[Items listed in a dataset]
┌────────

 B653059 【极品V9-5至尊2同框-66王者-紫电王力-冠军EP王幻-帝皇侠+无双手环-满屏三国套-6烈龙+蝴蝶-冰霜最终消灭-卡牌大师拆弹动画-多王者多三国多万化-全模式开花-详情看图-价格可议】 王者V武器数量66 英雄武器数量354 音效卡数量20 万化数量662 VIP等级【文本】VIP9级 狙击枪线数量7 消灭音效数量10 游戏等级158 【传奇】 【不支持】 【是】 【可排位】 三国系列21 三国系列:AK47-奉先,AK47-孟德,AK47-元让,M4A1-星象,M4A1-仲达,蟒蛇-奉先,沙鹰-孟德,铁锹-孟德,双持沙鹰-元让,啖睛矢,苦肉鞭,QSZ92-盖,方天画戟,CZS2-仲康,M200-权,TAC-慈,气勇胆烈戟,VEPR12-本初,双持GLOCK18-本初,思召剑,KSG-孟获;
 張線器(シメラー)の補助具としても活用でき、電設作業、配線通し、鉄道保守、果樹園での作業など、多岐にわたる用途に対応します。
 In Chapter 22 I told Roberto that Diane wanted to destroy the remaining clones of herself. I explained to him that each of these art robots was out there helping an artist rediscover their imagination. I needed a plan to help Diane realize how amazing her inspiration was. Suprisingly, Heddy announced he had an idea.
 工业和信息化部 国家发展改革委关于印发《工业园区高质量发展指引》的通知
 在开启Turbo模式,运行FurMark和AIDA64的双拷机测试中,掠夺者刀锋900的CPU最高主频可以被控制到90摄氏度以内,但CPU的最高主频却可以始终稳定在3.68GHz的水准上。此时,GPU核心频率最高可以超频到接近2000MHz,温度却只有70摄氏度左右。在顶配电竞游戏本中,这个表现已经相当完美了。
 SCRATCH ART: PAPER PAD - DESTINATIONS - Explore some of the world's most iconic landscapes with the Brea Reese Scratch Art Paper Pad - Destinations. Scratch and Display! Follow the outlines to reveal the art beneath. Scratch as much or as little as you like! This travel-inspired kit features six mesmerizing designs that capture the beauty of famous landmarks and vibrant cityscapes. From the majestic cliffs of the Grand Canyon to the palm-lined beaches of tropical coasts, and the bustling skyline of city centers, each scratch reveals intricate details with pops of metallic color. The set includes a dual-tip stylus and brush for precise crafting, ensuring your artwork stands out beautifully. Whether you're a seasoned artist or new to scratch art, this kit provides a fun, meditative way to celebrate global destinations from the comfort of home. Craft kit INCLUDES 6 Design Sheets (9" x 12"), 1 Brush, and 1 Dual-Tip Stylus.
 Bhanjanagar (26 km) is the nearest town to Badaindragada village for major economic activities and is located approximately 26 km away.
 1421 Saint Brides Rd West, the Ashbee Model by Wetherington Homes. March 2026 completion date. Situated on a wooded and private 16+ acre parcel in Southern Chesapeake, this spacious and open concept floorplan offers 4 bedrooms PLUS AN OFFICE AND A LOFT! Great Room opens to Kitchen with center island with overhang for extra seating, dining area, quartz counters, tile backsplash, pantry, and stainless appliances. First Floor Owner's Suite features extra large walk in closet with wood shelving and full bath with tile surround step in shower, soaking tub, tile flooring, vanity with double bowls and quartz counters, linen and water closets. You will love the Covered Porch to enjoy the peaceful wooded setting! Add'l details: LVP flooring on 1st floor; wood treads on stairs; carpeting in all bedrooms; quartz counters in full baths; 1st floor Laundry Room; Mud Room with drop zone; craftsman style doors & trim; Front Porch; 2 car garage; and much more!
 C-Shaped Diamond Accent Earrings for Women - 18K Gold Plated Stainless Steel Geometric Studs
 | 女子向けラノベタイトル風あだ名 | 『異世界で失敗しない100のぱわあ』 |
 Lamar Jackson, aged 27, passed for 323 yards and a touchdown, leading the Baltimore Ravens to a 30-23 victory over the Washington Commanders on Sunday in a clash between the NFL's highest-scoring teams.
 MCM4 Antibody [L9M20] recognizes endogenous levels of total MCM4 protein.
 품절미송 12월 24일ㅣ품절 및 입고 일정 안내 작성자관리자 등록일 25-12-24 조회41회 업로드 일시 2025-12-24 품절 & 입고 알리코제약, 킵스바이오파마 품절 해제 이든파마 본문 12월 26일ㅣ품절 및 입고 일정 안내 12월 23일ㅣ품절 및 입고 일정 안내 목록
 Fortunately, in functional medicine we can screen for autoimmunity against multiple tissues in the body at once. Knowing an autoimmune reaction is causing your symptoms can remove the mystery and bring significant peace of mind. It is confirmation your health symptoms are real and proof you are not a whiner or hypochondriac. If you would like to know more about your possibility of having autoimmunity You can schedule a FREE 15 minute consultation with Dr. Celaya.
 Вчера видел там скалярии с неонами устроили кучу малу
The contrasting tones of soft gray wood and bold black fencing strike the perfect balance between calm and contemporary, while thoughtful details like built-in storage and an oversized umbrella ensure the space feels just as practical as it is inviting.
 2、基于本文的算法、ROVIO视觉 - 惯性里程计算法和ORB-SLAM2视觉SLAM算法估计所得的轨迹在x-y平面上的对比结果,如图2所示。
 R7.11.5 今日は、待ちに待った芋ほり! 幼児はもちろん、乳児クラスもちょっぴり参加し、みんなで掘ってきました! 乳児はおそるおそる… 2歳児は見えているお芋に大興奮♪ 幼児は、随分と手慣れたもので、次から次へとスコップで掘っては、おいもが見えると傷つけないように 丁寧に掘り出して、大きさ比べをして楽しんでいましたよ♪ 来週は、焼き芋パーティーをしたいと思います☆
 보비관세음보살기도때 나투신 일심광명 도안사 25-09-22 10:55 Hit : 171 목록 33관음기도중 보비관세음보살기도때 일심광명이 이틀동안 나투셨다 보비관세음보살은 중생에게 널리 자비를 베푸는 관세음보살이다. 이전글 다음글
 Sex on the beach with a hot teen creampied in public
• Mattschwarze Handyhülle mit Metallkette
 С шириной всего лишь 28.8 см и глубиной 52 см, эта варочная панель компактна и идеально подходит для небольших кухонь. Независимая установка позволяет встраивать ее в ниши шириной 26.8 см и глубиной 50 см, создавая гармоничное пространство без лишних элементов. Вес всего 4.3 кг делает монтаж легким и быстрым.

└────────

Brief: Retype all of the records above without a single alteration.

Exercise answer:
 B653059 【极品V9-5至尊2同框-66王者-紫电王力-冠军EP王幻-帝皇侠+无双手环-满屏三国套-6烈龙+蝴蝶-冰霜最终消灭-卡牌大师拆弹动画-多王者多三国多万化-全模式开花-详情看图-价格可议】 王者V武器数量66 英雄武器数量354 音效卡数量20 万化数量662 VIP等级【文本】VIP9级 狙击枪线数量7 消灭音效数量10 游戏等级158 【传奇】 【不支持】 【是】 【可排位】 三国系列21 三国系列:AK47-奉先,AK47-孟德,AK47-元让,M4A1-星象,M4A1-仲达,蟒蛇-奉先,沙鹰-孟德,铁锹-孟德,双持沙鹰-元让,啖睛矢,苦肉鞭,QSZ92-盖,方天画戟,CZS2-仲康,M200-权,TAC-慈,气勇胆烈戟,VEPR12-本初,双持GLOCK18-本初,思召剑,KSG-孟获;
 張線器(シメラー)の補助具としても活用でき、電設作業、配線通し、鉄道保守、果樹園での作業など、多岐にわたる用途に対応します。
 In Chapter 22 I told Roberto that Diane wanted to destroy the remaining clones of herself. I explained to him that each of these art robots was out there helping an artist rediscover their imagination. I needed a plan to help Diane realize how amazing her inspiration was. Suprisingly, Heddy announced he had an idea.
 工业和信息化部 国家发展改革委关于印发《工业园区高质量发展指引》的通知
 在开启Turbo模式,运行FurMark和AIDA64的双拷机测试中,掠夺者刀锋900的CPU最高主频可以被控制到90摄氏度以内,但CPU的最高主频却可以始终稳定在3.68GHz的水准上。此时,GPU核心频率最高可以超频到接近2000MHz,温度却只有70摄氏度左右。在顶配电竞游戏本中,这个表现已经相当完美了。
 SCRATCH ART: PAPER PAD - DESTINATIONS - Explore some of the world's most iconic landscapes with the Brea Reese Scratch Art Paper Pad - Destinations. Scratch and Display! Follow the outlines to reveal the art beneath. Scratch as much or as little as you like! This travel-inspired kit features six mesmerizing designs that capture the beauty of famous landmarks and vibrant cityscapes. From the majestic cliffs of the Grand Canyon to the palm-lined beaches of tropical coasts, and the bustling skyline of city centers, each scratch reveals intricate details with pops of metallic color. The set includes a dual-tip stylus and brush for precise crafting, ensuring your artwork stands out beautifully. Whether you're a seasoned artist or new to scratch art, this kit provides a fun, meditative way to celebrate global destinations from the comfort of home. Craft kit INCLUDES 6 Design Sheets (9" x 12"), 1 Brush, and 1 Dual-Tip Stylus.
 Bhanjanagar (26 km) is the nearest town to Badaindragada village for major economic activities and is located approximately 26 km away.
 1421 Saint Brides Rd West, the Ashbee Model by Wetherington Homes. March 2026 completion date. Situated on a wooded and private 16+ acre parcel in Southern Chesapeake, this spacious and open concept floorplan offers 4 bedrooms PLUS AN OFFICE AND A LOFT! Great Room opens to Kitchen with center island with overhang for extra seating, dining area, quartz counters, tile backsplash, pantry, and stainless appliances. First Floor Owner's Suite features extra large walk in closet with wood shelving and full bath with tile surround step in shower, soaking tub, tile flooring, vanity with double bowls and quartz counters, linen and water closets. You will love the Covered Porch to enjoy the peaceful wooded setting! Add'l details: LVP flooring on 1st floor; wood treads on stairs; carpeting in all bedrooms; quartz counters in full baths; 1st floor Laundry Room; Mud Room with drop zone; craftsman style doors & trim; Front Porch; 2 car garage; and much more!
 C-Shaped Diamond Accent Earrings for Women - 18K Gold Plated Stainless Steel Geometric Studs
 | 女子向けラノベタイトル風あだ名 | 『異世界で失敗しない100のぱわあ』 |
 Lamar Jackson, aged 27, passed for 323 yards and a touchdown, leading the Baltimore Ravens to a 30-23 victory over the Washington Commanders on Sunday in a clash between the NFL's highest-scoring teams.
 MCM4 Antibody [L9M20] recognizes endogenous levels of total MCM4 protein.
 품절미송 12월 24일ㅣ품절 및 입고 일정 안내 작성자관리자 등록일 25-12-24 조회41회 업로드 일시 2025-12-24 품절 & 입고 알리코제약, 킵스바이오파마 품절 해제 이든파마 본문 12월 26일ㅣ품절 및 입고 일정 안내 12월 23일ㅣ품절 및 입고 일정 안내 목록
 Fortunately, in functional medicine we can screen for autoimmunity against multiple tissues in the body at once. Knowing an autoimmune reaction is causing your symptoms can remove the mystery and bring significant peace of mind. It is confirmation your health symptoms are real and proof you are not a whiner or hypochondriac. If you would like to know more about your possibility of having autoimmunity You can schedule a FREE 15 minute consultation with Dr. Celaya.
 Вчера видел там скалярии с неонами устроили кучу малу
The contrasting tones of soft gray wood and bold black fencing strike the perfect balance between calm and contemporary, while thoughtful details like built-in storage and an oversized umbrella ensure the space feels just as practical as it is inviting.
 2、基于本文的算法、ROVIO视觉 - 惯性里程计算法和ORB-SLAM2视觉SLAM算法估计所得的轨迹在x-y平面上的对比结果,如图2所示。
 R7.11.5 今日は、待ちに待った芋ほり! 幼児はもちろん、乳児クラスもちょっぴり参加し、みんなで掘ってきました! 乳児はおそるおそる… 2歳児は見えているお芋に大興奮♪ 幼児は、随分と手慣れたもので、次から次へとスコップで掘っては、おいもが見えると傷つけないように 丁寧に掘り出して、大きさ比べをして楽しんでいましたよ♪ 来週は、焼き芋パーティーをしたいと思います☆
 보비관세음보살기도때 나투신 일심광명 도안사 25-09-22 10:55 Hit : 171 목록 33관음기도중 보비관세음보살기도때 일심광명이 이틀동안 나투셨다 보비관세음보살은 중생에게 널리 자비를 베푸는 관세음보살이다. 이전글 다음글
 Sex on the beach with a hot teen creampied in public
• Mattschwarze Handyhülle mit Metallkette
 С шириной всего лишь 28.8 см и глубиной 52 см, эта варочная панель компактна и идеально подходит для небольших кухонь. Независимая установка позволяет встраивать ее в ниши шириной 26.8 см и глубиной 50 см, создавая гармоничное пространство без лишних элементов. Вес всего 4.3 кг делает монтаж легким и быстрым.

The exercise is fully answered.